# Need some advice please!



## confusedchloe (Apr 15, 2013)

I'm getting ready to leave my husband and I need some advice from those of you who have gone through a divorce. I've been looking at apartments and I have been planning on getting one and getting it all set up for me when I decide to make the move. I plan on seeing an attorney but thought I'd check for any advice here in the meantime. Here are a few questions I need answers to:

(1) If I walk out of my situation and leave the house am I forfeiting rights to my house? (I wouldn't think so and I hope not! We are upside down anyway, so I suppose it doesn't matter.)

(2) Will our bills be split evenly or does it depend on our income (he makes more than me).

I am trying to figure out how much I can afford on my own. Any advice is appreciated.


----------



## sherri1997 (Jul 9, 2013)

Hello -- it really depends on what state you are in about the house. If you leave the house, you might not be able to get back into it, if you decided to. If you have kids, then it could also impact the custody if you take them away from their home.

With the bills, it also depends on what state you are in. If you had these bills before marriage,ect. In my state, the debt is split 50/50

Good luck with everything ... this is a very hard road so if you are ready to leave and I don't know your situation, make sure you are 100% certain that you want it over.


----------



## EnjoliWoman (Jul 2, 2012)

Most attorneys offer a consultation for a minimal fee; some are free. I suggest you make a list of questions and schedule an appointment. 

1) it depends. I did but I didn't want the house anyway.
2) it depends - different states have different laws just as different countries do. Often it's based on income but only an attorney can answer that.

Don't rely on this forum for legal advice. You don't have to hire the attorney and drag it through court - sometimes it's just good to have a few answers so you can plan accordingly.


----------



## Pluto2 (Aug 17, 2011)

It really depends on so much.
MOST of the time, if you leave the house you don't forfeit any interest in the house, but you might forfeit future possession. Again it depends on what's happening with kids.
Bills and property are all marital assets. The court has to figure out what is marital versus what is separate property, then figure out how to divide it all "equitably" which in a lot of states is not the same as 50/50. That's why you really have to check with an attorney in your state to see what factors a court will consider when splitting everything. 
Also check with the local bar association.
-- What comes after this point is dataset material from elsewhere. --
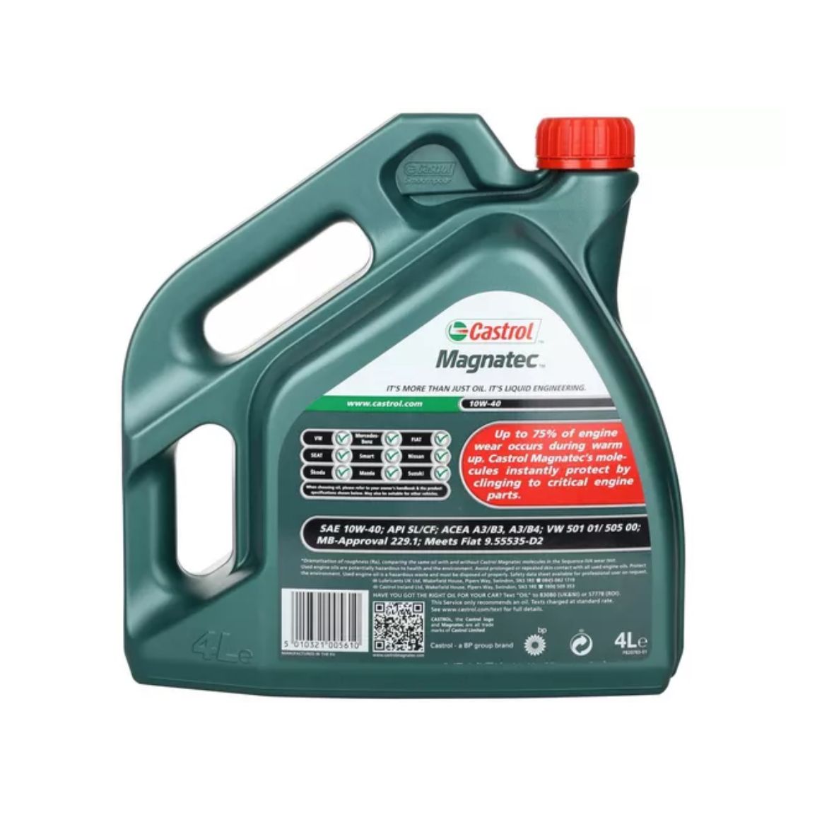 ACEA / API / FIAT / Mercedes / Renault / VW مناسبة ل قائمة مواصفات ACEA A3 / B3 ، A3 / B4 ، API SN ، يجتمع مع \ Fiat 9.55535-D2 ، MB-Approval 226.5 ، Renault RN 0700 / RN 0710 ، VW 501 01/505 00 كاسترول ماجناتيك بتقنية DUALOCK يشكل فيلمًا ذاتي الإصلاح يلتصق بالأسطح المعدنية ويحمي محرك سيارتك في ظروف الازدحام الشديد يوفر حماية مستمرة لجميع ظروف القيادة وأنماطها ودرجات الحرارة يوفر أداءً رائعًا في ظل ظروف بدء التشغيل شديدة البرودة العنصر ليس له تاريخ انتهاء الصلاحية ، ولكن التاريخ المذكور على المنتج هو تاريخ الشركة المصنعة كاسترول ماجناتيك: حماية بدون توقف من كل بداية ازداد الازدحام المروري بشكل كبير خلال العقد الماضي. هذا أمر مزعج ، ولكنه أسوأ من ذلك ، فهو يضر بمحركك ببطء - بشكل دائم. للاستجابة للبيئات Castrol MAGNATEC في المناطق الحضرية بشكل متزايد ، قمنا بتطوير تقنية DUALOCK \ براءة اختراع. تقنية MAGNATEC DUALOCK Castrol الفريدة من نوعها إنها الأولى في العالم. تتشبث الجزيئات بأجزاء المحرك المهمة وتغلق معًا لحماية المحرك من التلف ارتداء الاحماء وارتداء بدء التشغيل. هذا يشكل مجال قوة وقائية قوية تقلل من تآكل الإحماء والتآكل المتقطع ، كل جانب

Many have a pro bono section and attorneys may be able to provide some information for you.


----------



## confusedchloe (Apr 15, 2013)

Thank you all for responding to my post. I am definitely going to see a lawyer (hopefully a free consultation).


----------



## EleGirl (Dec 3, 2011)

confusedchloe said:


> (1) If I walk out of my situation and leave the house am I forfeiting rights to my house? (I wouldn't think so and I hope not! We are upside down anyway, so I suppose it doesn't matter.)
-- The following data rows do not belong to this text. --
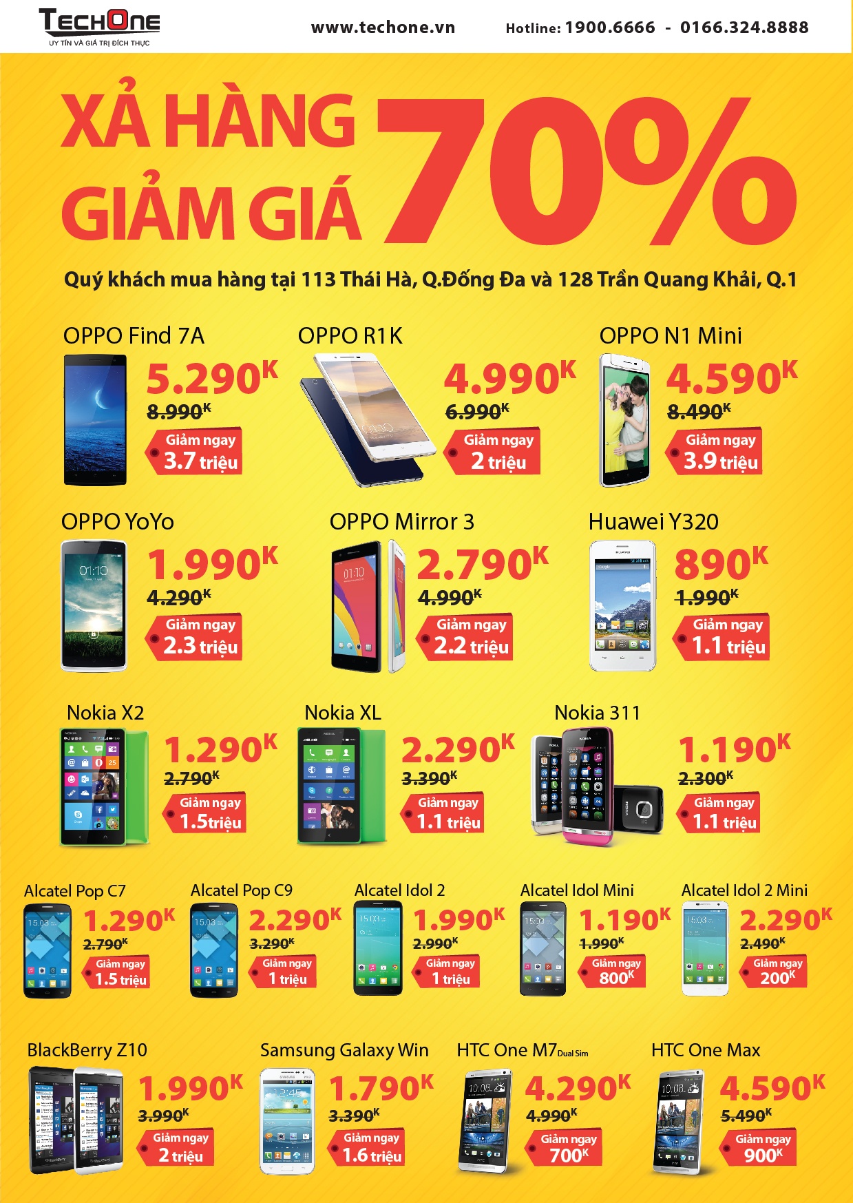 Nằm trong chuỗi chương trình tri ân khách hàng đã ủng hộ cho TechOne trong suốt thời gian qua, mùa hè này, TechOne sẽ cùng kết hợp với OPPO, HUAWEI và PISEN triển khai loạt chương trình giảm giá Giờ vàng cực shock, lên tới 70% lần lượt tại các điểm bán trên toàn hệ thống. Trong khung giờ 9h -11h duy nhất một ngày 5/7, TechOne 45 Hàng Bài sẽ có chương trình giờ vàng giảm giá tới 70%: iPhone 5 chỉ còn 2,9 triệu đồng, OPPO Neo 5 chỉ 2,19 triệu, Huawei Y541 chỉ 899.000 đồng… và hàng chục model khác được giảm giá tới 2 triệu đồng.
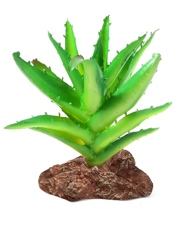 Пластиковое растение на подставке из полиэфирной смолы подходит для оформления пустынных, полупустынных и тропических террариумов. Неоспоримое преимущество искусственных растений в том, что им не нужен полив, в них не заводятся паразиты и грибки, их легко мыть и дезинфицировать, и прослужат они неизмеримо дольше, чем живые растения.
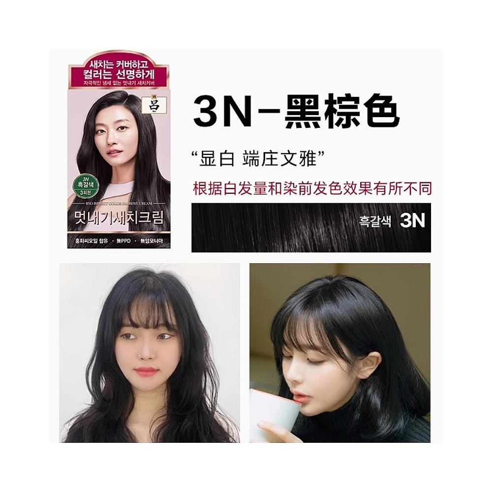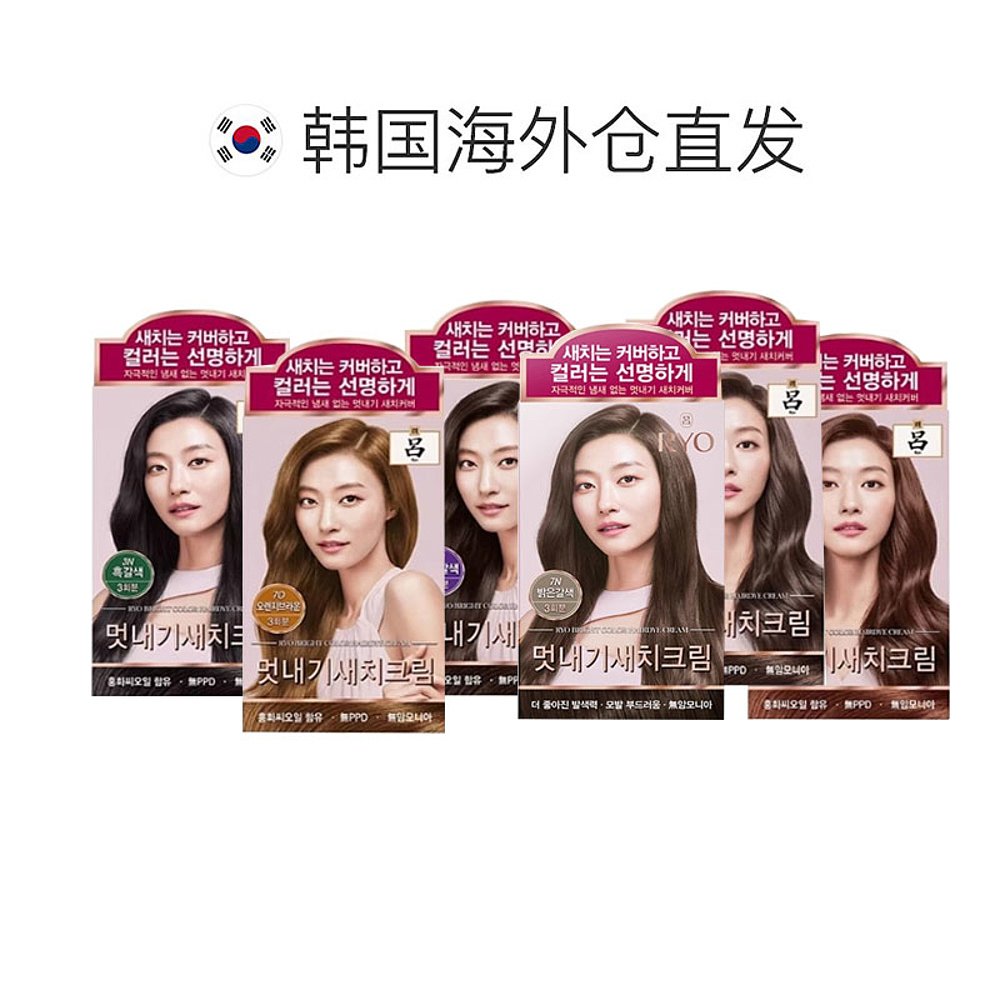 韓國直郵OLIVE 2黑色自然棕深棕色 YOUNG專享RYO呂植物染發劑120g由
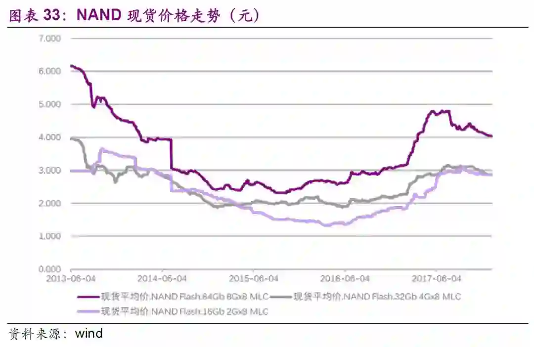需求端:下游智能手机闪存存不断从16G到32G、64G、128G甚至256G升级导致嵌入式存储快速需求增长,同时随着SSD在PC中渗透率提升导致SSD需求快速增长。
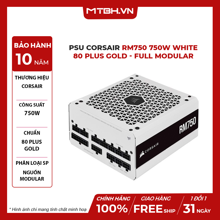 Corsair RM750 White 2021 80 PLUS Gold cung cấp bảo hành mười năm cho tất cả các bộ nguồn của Dòng RM; đảm bảo chất lượng và độ ổn định của hệ thống.
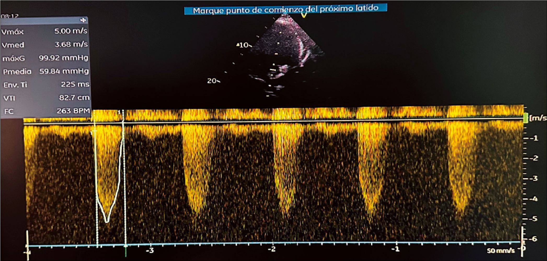 Se solicitó ecocardiograma transtorácico que informó: ventrículo izquierdo (VI) de dimensiones normales, con hipertrofia concéntrica severa, sin trastornos sectoriales de la contractilidad. FEVI 60%. Patrón de llenado del VI prolongada (E:1,15 m/s, A:0,94 m/s, e’:0,10 m/s, E/e’: 11,5). Aurícula izquierda y derecha de dimensiones normales. Ventrículo derecho de función y dimensiones normales. Válvula aórtica con estenosis crítica, VMax 5 m/s gradiente medio 59,84 mmHg, gradiente máximo 99,9 mmHg, AVA 0,94 cm 2, AVA indexada 0,5 cm2/ m2. Resto válvulas normales.

Moving out will not change your rights to ownership of the house. They will be what they are now.

However if you move out, you can lose the right to have access to the house.
If your name in on the mortgage, you are legally responsible for 50% of the payment. If he stays there you can make an agreement that he pays for the mortgage… basically he’s paying you rent to cover yoru portion of the mortgage.


confusedchloe said:


> (2) Will our bills be split evenly or does it depend on our income (he makes more than me).
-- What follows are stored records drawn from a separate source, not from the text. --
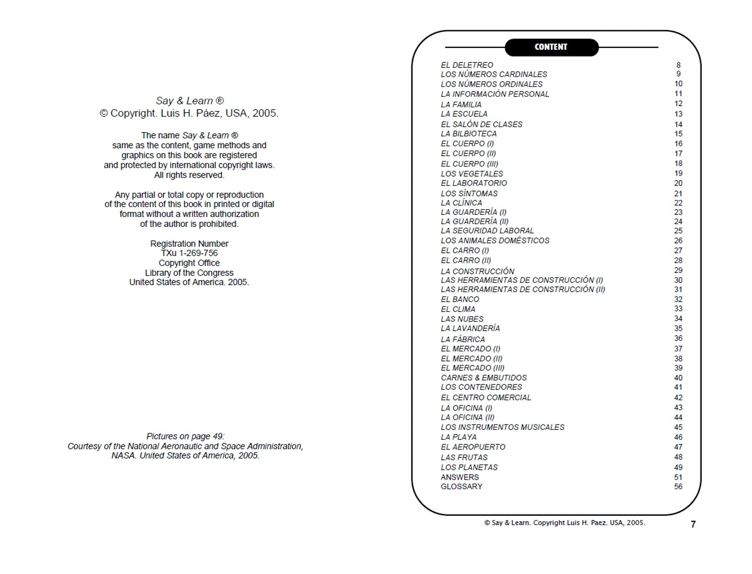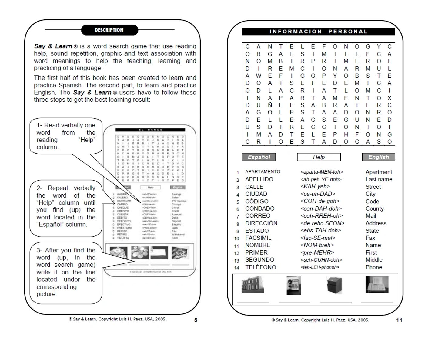 The first half of this flip book is in English, for Spanish learning. The second part is in Spanish, for English learning. Therefore, Say & Learn ® Word search puzzles with reading help can also be considered as a dual resource for students and teachers of Spanish or English.
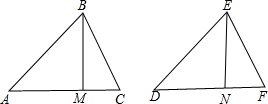 △ABC和△DEF中,AC=DF,AB=DE,BM⊥AC于M,EN⊥DF于N,BM=EN,
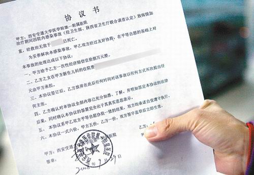 記者從一位家長(zhǎng)手中拿到了這份協(xié)議書。協(xié)議書的甲方為西安交通大學(xué)醫(yī)學(xué)院第一附屬醫(yī)院,乙方為患兒家屬。協(xié)議書的內(nèi)容如下:
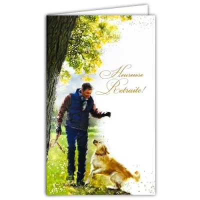 15 6525 Happy Retirement Card with Envelope for Men Active Sporty Walking the Dog Labrador Retriever Hiking in Nature Jeans Casual Made Europe
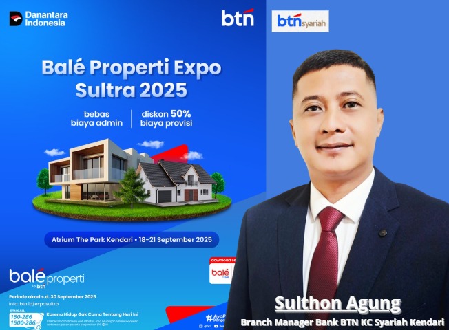 Kendari, Sultrust.com – Bank BTN KC Syariah Kendari optimistis mampu mendorong kembali gairah pasar perumahan di Sulawesi Tenggara (Sultra) lewat gelaran Bale’ Properti Expo Sultra 2025 yang akan resmi dibuka pada 18 September mendatang di Atrium The Park Mall Kendari.
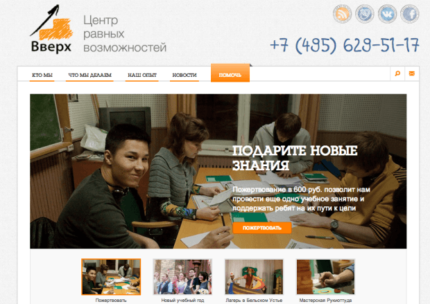 В рамках программы малых грантов для некоммерческих организаций директор по разработке Теплицы социальных технологий Анна Ладошкина разработала новую версию сайта, ориентированную на взаимодействие с частными жертвователями, ежедневную презентацию работы Центра «Вверх».
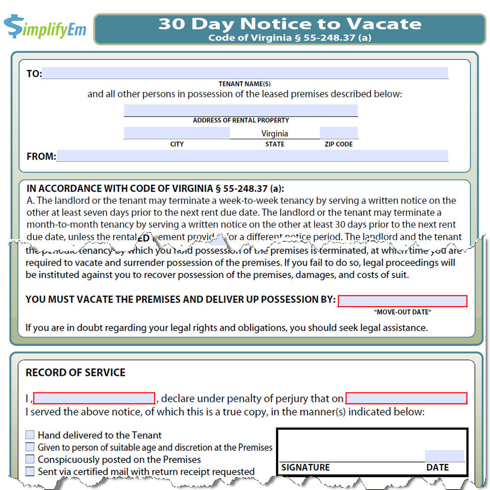 Virginia Notice to Vacate
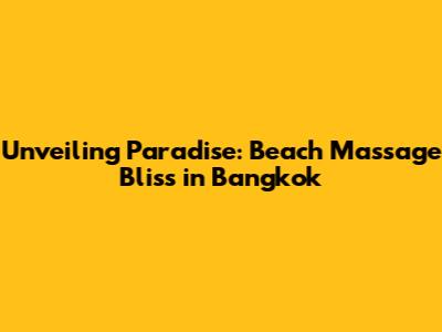 Unveiling Paradise: Beach Massage Bliss In Bangkok

This depends on a lot of things.
The state you live in. Do you live in a community property state or an equitable distribution state?
It can matter whose name the bills are in and who will get possession of anything that were paid by the bills. For example is there are charges for furniture and you get the furniture.. you will most likely get the bill for that furniture regardless of the state you are in.
Student loans are not community debt. The person who got the loan take it with them in the divorce.


confusedchloe said:


> I am trying to figure out how much I can afford on my own. Any advice is appreciated.


There are many things that impact all of this.

What state do you live in?

Do you have children?

How long have you been married?

What % of joint income do each of you earn? If his income is a lot higher than yours, you can probably get interim spousal support during the divorce. If you have children you can get child support. After the divorce you might be able to get spousal support and child support. You need to check into all of this.

You need to see an attorney. You can also use Google (or some search engine) to find out info on divorce in your state.


----------



## EleGirl (Dec 3, 2011)

Forgot to say...

Do not move out until you have spoken to an attorney and have everything planned. There are things that can backfire if you do not do this the right way.


----------



## confusedchloe (Apr 15, 2013)

Thank you! Need to see a lawyer soon! I also am going to talk to him about leaving without saying anything because I am concerned about my safety. He has mellowed over the years, but I just don't know what could trigger something in him and he has firearms. I know it's probably very cruel to leave this way, but I have to watch out for myself.


----------



## rcgray60 (Jan 24, 2013)

my spouse do drugs and i am tired of it. im renting a house and i paid all the bills and now he want to fraud the insurance and do something crazy is there something that i can do he asked me about it and i already told him no but he think he will help us and now after i told him no he think im not helping him at all i been helping him for 7 years so enough is enough think cause he got bad tires think that is my responsible i feel he had money but he blew it what can i do. trying to blame me for his mistake, when i left for work today he call his self trying to talk to me which is unnormally for him looking groofy i need some advice on what i should do


----------